André Previn and the Democratisation of Classical Music

André Previn, the remarkably versatile German-American pianist, composer, conductor, jazz musician and presenter, who died on 28 February 2019 at the age of 89, was an iconic figure in the national consciousness, and significant to me personally in my own musical and cultural upbringing.

André Previn

André Previn

There was always a lot of music at home when I was growing up – on the radio, on LPs and, significantly, on television; so much in fact that classical music felt like a normal part of the day-to-day cultural landscape of the 1970s and 80s. As a family, we enjoyed André Previn’s programmes on the BBC where, with the London Symphony Orchestra (LSO), he introduced works from the classical repertoire in a way which was engaging, informative, intelligent – and accessible. The orchestra eschewed their usual formal attire of white tie and tails, as did Previn as conductor, often sporting one of his colourful silk neck scarfs, and in this more relaxed setting, Previn introduced the great works of the classical canon in a way which was comprehensible to the lay listener, yet never simplistic. In his ‘André Previn & Friends’ programmes, Previn was joined by musical friends and acquaintances who performed music together and talked about it in a casual yet informed way which allowed the viewer to get beyond the notes and revealed insights into the life of a classical musician. In 1971, Previn even appeared on the very popular Morecombe & Wise show (introduced as “Mr Andrew Preview”) where he gamely played along with Eric Morecombe’s famously inept performance of Grieg’s Piano Concerto (“I’m playing all the right notes, but not necessarily in the right order”). It is a mark, perhaps, of just how much classical music was part of the mainstream British culture and consciousness in those days that a leading conductor could appear on a TV comedy show. We have star conductors aplenty – Simon Rattle, Gustavo Dudamel, Marin Alsop et al – but it’s unlikely any of them would ever be invited onto a popular TV show today.

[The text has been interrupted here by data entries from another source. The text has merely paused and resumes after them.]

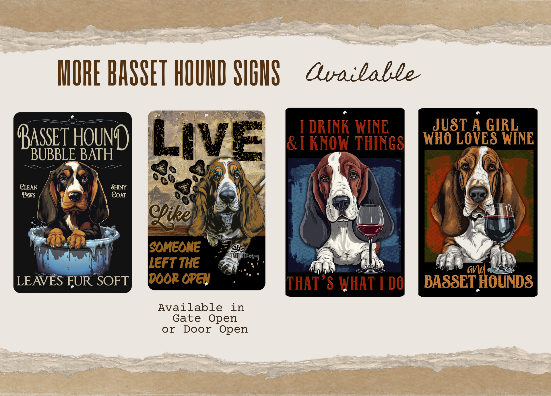 Basset Hound sign, Live Like Someone Left Gate Open (or Door Open) dog metal wall art
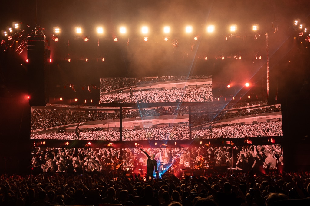 Das Ergebnis des Gesamtkonzepts war ein unaufgeregter, sehr ansprechender Rahmen – ein mehr als solider Grundstock für eine freundliche Pop-Show: eben Leichtigkeit für das Publikum. Nichts sollte unnötige Aufmerksamkeit erregen – oder gar ablenken. Der Designer und sein Team stellten den Sänger in den Mittelpunkt. Und zwar konsequent in jedem Moment während des gesamten Konzerts, das (wie in Dortmund) meist mit drei Stunden kaum auskam.
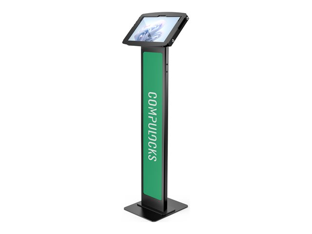 Our BrandMe floor stand allows you to utilize a panel for branding, call to action or custom design to bring attention to your interactive display or kiosk. The tilting mount allows the iPad enclosure to be set in either portrait or landscape mode and the stand base offers additional security features, securing the power source and bolting the unit to the floor.
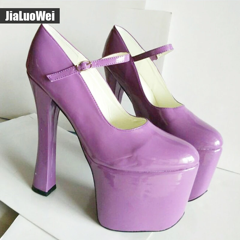 Jialuoweiчерные лакированные туфли-лодочки Мэри Джейн на платформе с толстым каблуком 7 12 дюйма с платформой 3 12 дюйма туфли-лодочки на высоком каблуке обувь для косплея
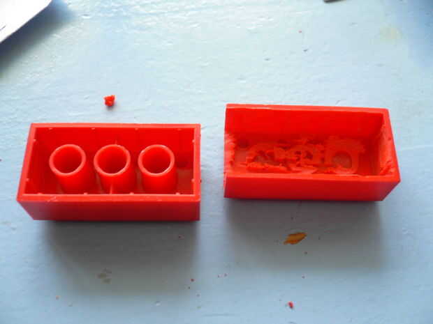 A continuación, utilice el disco rotatorio para quitar el interior de la pieza de lego. Lo hice primero corte la mitad de la final de lo lego, y luego mi camino hasta el final. Recuerde sólo abrir uno de los extremos de su lego, y solamente hacer tan amplia como el puerto USB.

While some critics sneered at his “populist” approach, Previn clearly understood the value of making classical music appealing to a mass audience and television was the perfect vehicle for this. At the height of his television career, the LSO, for which he was principal conductor for 11 years, was playing to packed halls, something many classical musicians would kill for today.

Bernstein: Overture from Candide (André Previn with LSO)
“Bernstein has made it possible not to specialize in one area of music,” Previn said of his idol Leonard Bernstein, who enjoyed similar popularity, and with a background in film score writing for Hollywood (for which he won several Oscars) and jazz as well as classical music, Previn’s great skill, like Bernstein’s, was his ability to segue seamlessly between these different strands of his polymathic career. In doing so he democratised classical music in particular by demonstrating that it was possible to like and appreciate all music, untrammelled by the boundaries of genre or style. And unlike some presentations of classical music on TV today, in his own programmes he never tried to “trendify” it nor patronise his audiences; instead he raised “the public’s awareness of great music and its performance by demonstrating just how great – majestic, magical, exciting, moving – it actually is” (Peter Donohoe, concert pianist).

His greatest achievement was to bring classical music to a wider audience, far beyond the rarefied concert halls, and he did so with humour, eloquence and, above all, huge respect for the music itself.